How to calculate Euclidean distance in Python

Euclidean distance measures the straight-line distance between two points. In Python, you can calculate this fundamental metric for data analysis, machine learning, and scientific computing applications.

In this article, we'll cover several techniques to compute this distance. You'll find practical tips, explore real-world applications, and get advice to debug your code effectively.

Basic calculation with the Pythagorean formula

import math

point1 = (1, 2)
point2 = (4, 6)
distance = math.sqrt((point2[0] - point1[0])**2 + (point2[1] - point1[1])**2)
print(f"Euclidean distance: {distance}")--OUTPUT--Euclidean distance: 5.0

This approach translates the Pythagorean formula directly into Python code.

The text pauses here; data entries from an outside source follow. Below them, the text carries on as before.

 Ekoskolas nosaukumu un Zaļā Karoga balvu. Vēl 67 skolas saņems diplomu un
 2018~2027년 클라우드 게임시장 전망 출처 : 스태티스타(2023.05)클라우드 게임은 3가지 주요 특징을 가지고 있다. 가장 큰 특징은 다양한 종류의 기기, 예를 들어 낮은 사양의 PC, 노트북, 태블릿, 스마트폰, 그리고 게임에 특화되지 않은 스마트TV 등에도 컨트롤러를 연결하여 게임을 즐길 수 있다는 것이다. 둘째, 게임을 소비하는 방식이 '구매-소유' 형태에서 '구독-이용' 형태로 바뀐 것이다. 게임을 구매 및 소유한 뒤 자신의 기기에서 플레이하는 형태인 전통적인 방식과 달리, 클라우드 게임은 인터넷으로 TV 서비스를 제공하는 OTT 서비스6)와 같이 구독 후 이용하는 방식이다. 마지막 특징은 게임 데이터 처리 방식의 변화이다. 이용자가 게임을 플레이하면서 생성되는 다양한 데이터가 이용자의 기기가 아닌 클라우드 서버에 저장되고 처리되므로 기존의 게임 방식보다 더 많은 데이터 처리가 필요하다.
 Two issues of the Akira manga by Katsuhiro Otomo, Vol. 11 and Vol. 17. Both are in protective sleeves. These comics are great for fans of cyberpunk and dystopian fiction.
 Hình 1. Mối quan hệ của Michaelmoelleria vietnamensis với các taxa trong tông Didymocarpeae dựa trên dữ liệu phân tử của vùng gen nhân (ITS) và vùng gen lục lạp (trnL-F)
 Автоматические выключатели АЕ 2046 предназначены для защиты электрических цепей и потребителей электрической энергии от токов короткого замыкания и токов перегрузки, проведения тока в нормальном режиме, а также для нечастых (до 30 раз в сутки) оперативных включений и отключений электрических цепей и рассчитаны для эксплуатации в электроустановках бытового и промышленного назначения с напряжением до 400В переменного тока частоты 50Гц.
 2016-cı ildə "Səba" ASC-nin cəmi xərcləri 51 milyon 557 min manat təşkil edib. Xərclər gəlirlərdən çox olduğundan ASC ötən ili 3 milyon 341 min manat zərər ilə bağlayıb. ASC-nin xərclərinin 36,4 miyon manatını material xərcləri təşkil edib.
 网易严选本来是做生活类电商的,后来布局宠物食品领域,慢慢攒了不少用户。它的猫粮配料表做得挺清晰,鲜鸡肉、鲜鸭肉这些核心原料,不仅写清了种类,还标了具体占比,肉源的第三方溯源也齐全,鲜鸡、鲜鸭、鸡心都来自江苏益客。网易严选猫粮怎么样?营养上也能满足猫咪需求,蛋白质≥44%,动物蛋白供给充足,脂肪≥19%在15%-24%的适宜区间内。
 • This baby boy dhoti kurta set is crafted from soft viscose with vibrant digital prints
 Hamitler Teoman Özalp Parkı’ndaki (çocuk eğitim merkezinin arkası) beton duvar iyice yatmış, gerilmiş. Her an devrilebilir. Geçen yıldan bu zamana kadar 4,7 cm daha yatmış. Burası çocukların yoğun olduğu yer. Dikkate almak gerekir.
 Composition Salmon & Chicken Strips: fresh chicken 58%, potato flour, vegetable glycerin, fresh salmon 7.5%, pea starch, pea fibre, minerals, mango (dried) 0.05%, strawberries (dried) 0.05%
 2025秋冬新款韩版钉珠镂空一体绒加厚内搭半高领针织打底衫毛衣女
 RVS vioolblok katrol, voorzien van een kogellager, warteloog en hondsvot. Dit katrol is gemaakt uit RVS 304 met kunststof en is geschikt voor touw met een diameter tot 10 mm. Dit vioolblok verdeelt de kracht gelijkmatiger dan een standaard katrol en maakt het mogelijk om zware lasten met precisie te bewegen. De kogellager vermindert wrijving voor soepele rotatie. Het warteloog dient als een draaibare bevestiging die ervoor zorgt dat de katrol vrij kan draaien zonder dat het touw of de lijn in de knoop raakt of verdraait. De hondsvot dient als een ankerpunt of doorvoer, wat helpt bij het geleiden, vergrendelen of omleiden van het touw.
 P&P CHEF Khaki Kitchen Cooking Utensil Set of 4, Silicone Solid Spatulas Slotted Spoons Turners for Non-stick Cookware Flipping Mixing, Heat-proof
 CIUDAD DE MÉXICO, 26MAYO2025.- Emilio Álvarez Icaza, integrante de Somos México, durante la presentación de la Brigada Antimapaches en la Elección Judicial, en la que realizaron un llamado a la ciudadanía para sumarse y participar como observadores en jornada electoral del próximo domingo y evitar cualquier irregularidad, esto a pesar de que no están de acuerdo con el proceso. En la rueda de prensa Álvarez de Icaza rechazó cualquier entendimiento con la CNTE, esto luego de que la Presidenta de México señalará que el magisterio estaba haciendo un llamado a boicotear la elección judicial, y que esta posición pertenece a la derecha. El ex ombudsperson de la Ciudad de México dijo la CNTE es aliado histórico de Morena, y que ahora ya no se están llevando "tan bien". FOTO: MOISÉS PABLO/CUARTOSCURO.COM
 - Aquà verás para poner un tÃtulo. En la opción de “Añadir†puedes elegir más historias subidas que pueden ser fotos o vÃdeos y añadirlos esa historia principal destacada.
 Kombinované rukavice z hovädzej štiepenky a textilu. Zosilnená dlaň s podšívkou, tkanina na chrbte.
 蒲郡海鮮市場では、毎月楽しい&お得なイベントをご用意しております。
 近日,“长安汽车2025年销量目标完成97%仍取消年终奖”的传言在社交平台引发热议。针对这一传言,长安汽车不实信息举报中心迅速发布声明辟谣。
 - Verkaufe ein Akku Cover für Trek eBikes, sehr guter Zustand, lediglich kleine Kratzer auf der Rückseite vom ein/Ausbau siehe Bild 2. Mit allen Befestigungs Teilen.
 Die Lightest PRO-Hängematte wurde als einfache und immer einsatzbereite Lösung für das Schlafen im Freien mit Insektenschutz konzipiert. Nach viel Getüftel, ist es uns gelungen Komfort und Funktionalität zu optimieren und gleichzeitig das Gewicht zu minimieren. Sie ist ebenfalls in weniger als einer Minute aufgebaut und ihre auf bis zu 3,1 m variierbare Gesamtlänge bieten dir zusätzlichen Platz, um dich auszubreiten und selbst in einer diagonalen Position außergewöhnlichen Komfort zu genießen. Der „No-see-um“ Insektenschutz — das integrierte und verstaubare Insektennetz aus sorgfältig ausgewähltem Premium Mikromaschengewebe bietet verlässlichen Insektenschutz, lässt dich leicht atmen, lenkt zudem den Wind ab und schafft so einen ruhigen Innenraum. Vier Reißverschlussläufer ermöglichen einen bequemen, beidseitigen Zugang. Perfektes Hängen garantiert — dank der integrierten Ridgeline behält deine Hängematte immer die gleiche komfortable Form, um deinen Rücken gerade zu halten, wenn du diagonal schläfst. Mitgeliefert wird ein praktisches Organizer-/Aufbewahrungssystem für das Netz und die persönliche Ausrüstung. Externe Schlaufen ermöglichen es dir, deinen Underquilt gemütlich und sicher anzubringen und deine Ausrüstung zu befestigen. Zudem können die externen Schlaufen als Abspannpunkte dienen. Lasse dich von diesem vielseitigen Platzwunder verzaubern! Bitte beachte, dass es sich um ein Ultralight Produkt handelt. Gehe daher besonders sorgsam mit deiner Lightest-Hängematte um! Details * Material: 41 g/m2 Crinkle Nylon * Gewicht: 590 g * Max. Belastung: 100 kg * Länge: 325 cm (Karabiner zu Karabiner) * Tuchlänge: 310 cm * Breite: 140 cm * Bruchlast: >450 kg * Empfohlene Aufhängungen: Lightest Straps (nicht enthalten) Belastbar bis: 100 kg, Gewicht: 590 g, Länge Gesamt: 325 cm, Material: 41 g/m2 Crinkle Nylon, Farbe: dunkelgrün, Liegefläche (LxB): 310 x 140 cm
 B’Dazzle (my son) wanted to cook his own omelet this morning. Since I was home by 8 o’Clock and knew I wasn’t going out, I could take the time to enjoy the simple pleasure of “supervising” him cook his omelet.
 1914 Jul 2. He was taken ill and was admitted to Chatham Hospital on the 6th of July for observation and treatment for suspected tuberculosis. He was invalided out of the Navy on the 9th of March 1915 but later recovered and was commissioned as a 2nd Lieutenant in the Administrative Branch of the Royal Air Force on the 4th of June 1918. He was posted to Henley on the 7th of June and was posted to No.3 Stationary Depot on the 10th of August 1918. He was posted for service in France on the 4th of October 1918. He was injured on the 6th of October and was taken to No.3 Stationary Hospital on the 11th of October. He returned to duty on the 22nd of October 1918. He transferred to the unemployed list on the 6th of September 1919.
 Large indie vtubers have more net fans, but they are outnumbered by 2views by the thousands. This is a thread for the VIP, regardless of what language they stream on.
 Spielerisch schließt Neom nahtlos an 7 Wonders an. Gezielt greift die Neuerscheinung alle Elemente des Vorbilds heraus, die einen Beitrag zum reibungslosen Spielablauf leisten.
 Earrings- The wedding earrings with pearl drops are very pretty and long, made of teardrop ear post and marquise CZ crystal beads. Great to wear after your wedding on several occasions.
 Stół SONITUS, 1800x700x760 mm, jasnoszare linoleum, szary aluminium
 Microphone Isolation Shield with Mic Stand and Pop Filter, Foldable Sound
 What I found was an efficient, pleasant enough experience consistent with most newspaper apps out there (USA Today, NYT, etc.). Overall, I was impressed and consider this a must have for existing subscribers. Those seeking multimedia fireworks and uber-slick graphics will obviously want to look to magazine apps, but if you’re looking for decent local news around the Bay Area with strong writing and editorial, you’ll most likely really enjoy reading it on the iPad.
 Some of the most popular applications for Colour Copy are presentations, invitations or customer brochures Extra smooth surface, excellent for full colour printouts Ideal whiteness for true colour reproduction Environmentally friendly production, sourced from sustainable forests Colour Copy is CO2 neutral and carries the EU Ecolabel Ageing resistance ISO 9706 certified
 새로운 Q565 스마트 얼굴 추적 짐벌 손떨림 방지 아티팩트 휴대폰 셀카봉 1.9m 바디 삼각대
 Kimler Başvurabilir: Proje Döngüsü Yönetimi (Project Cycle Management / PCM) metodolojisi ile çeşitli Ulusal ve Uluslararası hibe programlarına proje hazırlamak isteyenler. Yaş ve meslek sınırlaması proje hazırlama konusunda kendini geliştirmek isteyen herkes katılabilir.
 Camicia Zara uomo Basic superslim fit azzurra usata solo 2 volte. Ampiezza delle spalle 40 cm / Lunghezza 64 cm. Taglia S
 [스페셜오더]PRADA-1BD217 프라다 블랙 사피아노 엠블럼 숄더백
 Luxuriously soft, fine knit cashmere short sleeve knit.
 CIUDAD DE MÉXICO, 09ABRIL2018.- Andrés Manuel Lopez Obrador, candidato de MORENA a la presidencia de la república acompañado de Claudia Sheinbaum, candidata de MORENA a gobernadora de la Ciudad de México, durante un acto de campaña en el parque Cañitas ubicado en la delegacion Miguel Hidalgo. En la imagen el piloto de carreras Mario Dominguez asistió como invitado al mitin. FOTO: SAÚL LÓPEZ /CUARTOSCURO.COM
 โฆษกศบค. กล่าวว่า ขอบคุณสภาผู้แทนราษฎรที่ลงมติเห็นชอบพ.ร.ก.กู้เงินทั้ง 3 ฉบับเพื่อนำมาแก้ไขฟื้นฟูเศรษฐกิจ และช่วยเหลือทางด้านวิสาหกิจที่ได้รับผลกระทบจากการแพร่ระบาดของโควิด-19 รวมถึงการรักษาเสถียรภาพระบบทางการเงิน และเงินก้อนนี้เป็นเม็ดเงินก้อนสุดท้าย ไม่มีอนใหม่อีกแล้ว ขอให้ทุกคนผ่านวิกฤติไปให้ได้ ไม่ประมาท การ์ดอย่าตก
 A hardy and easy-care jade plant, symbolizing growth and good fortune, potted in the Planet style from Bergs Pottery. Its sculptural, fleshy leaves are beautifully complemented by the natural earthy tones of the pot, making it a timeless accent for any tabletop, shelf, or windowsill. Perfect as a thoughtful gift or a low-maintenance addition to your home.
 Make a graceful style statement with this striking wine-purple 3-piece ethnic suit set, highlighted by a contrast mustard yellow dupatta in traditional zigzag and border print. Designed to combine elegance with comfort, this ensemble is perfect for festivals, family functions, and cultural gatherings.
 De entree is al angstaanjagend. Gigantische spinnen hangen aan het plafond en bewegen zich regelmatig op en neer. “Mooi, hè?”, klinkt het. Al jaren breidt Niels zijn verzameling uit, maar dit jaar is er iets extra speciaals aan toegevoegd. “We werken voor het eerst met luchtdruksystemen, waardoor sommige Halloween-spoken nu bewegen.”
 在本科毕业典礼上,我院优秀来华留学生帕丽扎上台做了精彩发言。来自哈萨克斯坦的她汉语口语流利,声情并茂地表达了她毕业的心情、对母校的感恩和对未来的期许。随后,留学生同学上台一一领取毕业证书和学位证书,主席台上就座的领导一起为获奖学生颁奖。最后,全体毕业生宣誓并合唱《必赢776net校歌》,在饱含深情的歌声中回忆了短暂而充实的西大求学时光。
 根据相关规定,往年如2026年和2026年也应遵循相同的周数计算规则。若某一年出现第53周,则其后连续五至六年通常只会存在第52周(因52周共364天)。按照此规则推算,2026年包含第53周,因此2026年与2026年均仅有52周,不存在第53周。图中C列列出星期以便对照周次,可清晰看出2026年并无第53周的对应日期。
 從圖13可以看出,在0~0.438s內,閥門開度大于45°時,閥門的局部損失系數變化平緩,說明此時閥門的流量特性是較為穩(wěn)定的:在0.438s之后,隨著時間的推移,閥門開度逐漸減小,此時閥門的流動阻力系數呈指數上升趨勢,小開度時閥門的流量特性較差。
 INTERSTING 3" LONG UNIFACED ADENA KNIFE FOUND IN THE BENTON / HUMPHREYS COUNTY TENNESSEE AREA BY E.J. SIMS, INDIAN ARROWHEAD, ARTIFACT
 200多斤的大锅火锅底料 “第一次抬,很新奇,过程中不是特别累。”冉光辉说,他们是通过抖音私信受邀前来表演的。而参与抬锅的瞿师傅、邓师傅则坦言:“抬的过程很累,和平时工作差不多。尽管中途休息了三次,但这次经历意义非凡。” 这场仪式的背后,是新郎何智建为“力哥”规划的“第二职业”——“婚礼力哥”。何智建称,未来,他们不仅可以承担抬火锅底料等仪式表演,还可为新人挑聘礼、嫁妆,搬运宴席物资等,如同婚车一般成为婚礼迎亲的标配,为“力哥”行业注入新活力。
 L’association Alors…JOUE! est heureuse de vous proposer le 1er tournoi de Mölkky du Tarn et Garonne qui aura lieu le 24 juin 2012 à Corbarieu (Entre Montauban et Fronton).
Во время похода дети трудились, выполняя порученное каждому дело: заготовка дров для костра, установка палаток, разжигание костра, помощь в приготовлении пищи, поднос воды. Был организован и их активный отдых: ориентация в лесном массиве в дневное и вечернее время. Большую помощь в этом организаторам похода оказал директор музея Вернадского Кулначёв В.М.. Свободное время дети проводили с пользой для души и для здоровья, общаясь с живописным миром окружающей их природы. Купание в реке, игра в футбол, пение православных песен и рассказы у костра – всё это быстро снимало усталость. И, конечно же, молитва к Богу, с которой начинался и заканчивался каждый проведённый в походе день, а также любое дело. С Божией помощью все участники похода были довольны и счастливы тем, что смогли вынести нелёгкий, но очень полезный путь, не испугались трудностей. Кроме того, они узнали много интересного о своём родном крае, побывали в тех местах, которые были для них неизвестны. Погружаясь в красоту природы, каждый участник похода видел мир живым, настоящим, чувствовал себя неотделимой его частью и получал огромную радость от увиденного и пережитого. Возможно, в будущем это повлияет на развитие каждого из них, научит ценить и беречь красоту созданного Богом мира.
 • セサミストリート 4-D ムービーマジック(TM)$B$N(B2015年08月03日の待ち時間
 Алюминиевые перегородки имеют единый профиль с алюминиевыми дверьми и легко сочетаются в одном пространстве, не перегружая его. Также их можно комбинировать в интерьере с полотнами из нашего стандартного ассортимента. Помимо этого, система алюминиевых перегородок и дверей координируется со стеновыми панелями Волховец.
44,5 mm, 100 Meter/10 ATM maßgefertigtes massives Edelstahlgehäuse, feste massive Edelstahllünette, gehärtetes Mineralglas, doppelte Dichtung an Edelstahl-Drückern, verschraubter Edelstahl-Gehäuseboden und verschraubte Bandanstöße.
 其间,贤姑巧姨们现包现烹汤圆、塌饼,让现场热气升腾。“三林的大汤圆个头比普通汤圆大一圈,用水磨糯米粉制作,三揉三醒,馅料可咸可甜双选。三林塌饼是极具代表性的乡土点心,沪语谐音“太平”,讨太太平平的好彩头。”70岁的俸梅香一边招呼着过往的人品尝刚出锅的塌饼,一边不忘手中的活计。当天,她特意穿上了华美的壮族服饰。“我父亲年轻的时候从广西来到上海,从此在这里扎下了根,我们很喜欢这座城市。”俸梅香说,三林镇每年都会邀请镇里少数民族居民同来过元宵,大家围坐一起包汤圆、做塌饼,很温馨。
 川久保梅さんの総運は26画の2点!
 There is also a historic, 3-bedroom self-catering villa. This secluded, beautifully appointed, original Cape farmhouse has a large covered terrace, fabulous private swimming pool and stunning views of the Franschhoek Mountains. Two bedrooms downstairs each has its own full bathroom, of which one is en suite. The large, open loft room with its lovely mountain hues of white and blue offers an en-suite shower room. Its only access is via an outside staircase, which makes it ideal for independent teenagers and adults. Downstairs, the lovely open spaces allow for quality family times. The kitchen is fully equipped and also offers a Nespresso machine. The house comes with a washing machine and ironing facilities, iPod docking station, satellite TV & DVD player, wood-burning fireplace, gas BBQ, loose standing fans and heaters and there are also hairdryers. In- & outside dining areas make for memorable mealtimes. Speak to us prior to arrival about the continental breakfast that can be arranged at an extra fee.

You're essentially calculating the length of the hypotenuse of a right triangle formed by the two points.

• First, the code finds the difference between the x-coordinates (point2[0] - point1[0]) and the y-coordinates.
• Next, each difference is squared using the **2 operator.
• Finally, the math.sqrt() function computes the square root of their sum, giving you the final distance.

Standard libraries for distance calculations

Moving beyond the manual approach, you'll find that libraries like NumPy and SciPy provide more efficient and concise ways to calculate the same distance.

Using numpy.linalg.norm() for efficient calculation

import numpy as np

point1 = np.array([1, 2])
point2 = np.array([4, 6])
distance = np.linalg.norm(point2 - point1)
print(f"Euclidean distance: {distance}")--OUTPUT--Euclidean distance: 5.0

The NumPy library simplifies this calculation by treating points as vectors. First, you convert your coordinate tuples into NumPy arrays using np.array(). Subtracting one array from the other—point2 - point1—creates a new vector representing the displacement between the points.

• The np.linalg.norm() function then calculates the length of this displacement vector.
• By default, it computes the L2 norm, which is another name for the Euclidean distance.
• This approach is cleaner and more efficient, especially when you're working with higher-dimensional data.

Using scipy.spatial.distance.euclidean() function

from scipy.spatial import distance

point1 = (1, 2)
point2 = (4, 6)
dist = distance.euclidean(point1, point2)
print(f"Euclidean distance: {dist}")--OUTPUT--Euclidean distance: 5.0

SciPy provides a specialized function for this task within its scipy.spatial module. The distance.euclidean() function is highly readable and communicates its purpose clearly, making your code easy to understand.

• It works directly with list-like data structures, such as tuples, so you don't need to convert your points into a specific array type first.

This approach is an excellent choice when you need a straightforward and explicit method for calculating Euclidean distance, especially if you're already using SciPy for other scientific computing tasks.

Using math.sqrt() and sum() for multi-dimensional points

import math

point1 = (1, 2, 3)
point2 = (4, 6, 8)
distance = math.sqrt(sum((a - b) ** 2 for a, b in zip(point1, point2)))
print(f"Euclidean distance in 3D: {distance}")--OUTPUT--Euclidean distance in 3D: 7.0710678118654755

This method cleverly extends the Pythagorean formula to handle points with any number of dimensions. It’s a flexible approach that works for 2D, 3D, or even higher-dimensional spaces without needing external libraries.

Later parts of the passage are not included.